The discussion revolves around the existence of a continuous, strictly increasing function on the interval [0, 1] that maps a set of positive measure onto a set of measure zero, specifically in the context of measure theory and the Cantor function.
Some participants have proposed modifications to the Cantor function, such as defining a new function based on it. There is ongoing exploration of the implications of these modifications on the measures of the sets involved. Multiple interpretations of the properties of the Cantor function and its modifications are being discussed.
Participants are considering the implications of the Cantor function's properties, including its continuity and the measure of its image. There is a focus on how to construct a function that meets the problem's requirements while addressing the constraints of measure theory.

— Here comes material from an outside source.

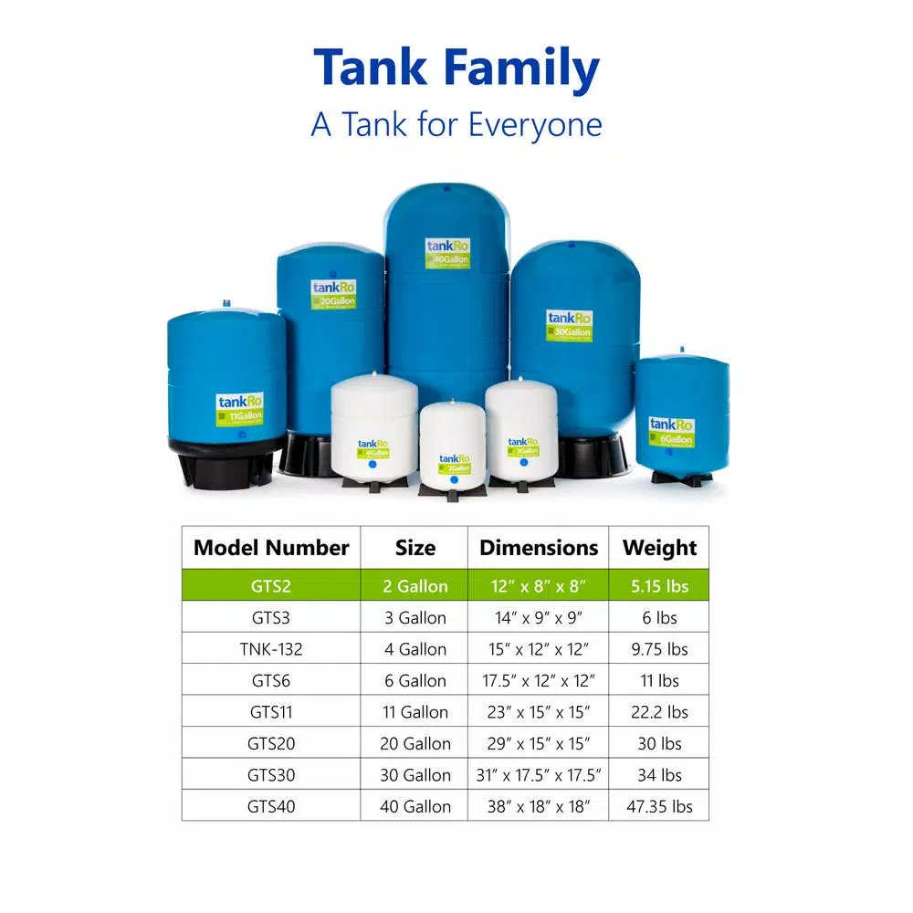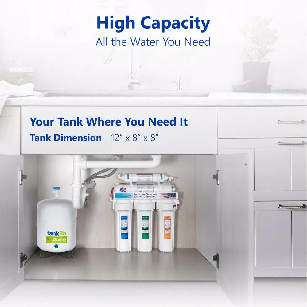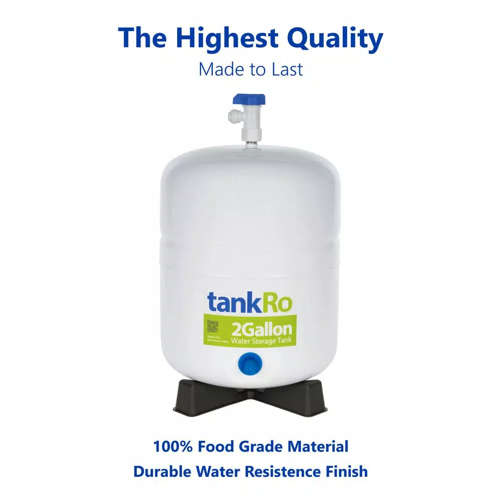 Heavy Duty Construction -All Materials in the expansion tank are 100% food safe and FDA grade to make sure your water is tasteless, odorless, and contaminant free -The inside of the RO water tank is completely smooth to prevent damage to the bladder -The water storage tank is coated with a two-part epoxy primer and finished with polyurethane to resist damage even in the outdoors -The adjustable bladder within the water tank is made of high grade Chlorobutyl rubber and is completely airtight -The inside liner of the water filter tank is made of Virgin Polypropylene, the most durable liner even on a molecular level All the Water You Need A 2-gallon water pressure tank can hold 1.5 gallons of water. All tanks have a certain amount of their capacity used by the air bladder, which is necessary for drawing water from the water reservoir tank. Be Confident All components are high quality food-grade -Each RO tank passes extensive durability testing -A sealed brass air nozzle and o-ring sealed air valve caps means consistent air pressure -This reverse osmosis tank is designed to last over five years

sbashrawi said:Cantor function is amapping from [0,1] onto [0,1] , I need a restriction so that its image has measure zero. But it is seemed to me that its image is countable am I right?
sbashrawi said:We have the function : h(x) = C(x) + x , where C(x) is the cantor function, the function h(x) is increasing function from [0,1] onto [0,2].
[0,1] = C union O : c = cantor set , O its complement.
m( C) = 0 , m(O) = 1 .
how can I modify this to get the required function?
sbashrawi said:m( h(O)) = 1 and m(h(c))= 1 .
I think we can use the inverse function of h . it is contniuous , increasing
and hinv: [0,2] to [0,1]
and h inv(h(c)) = c which has measure zero i.e it maps a set with positive measure to a set of measure zero as required.
let f(x) = h(x) / 2 we get the required function: f: [0,1] to [0,1]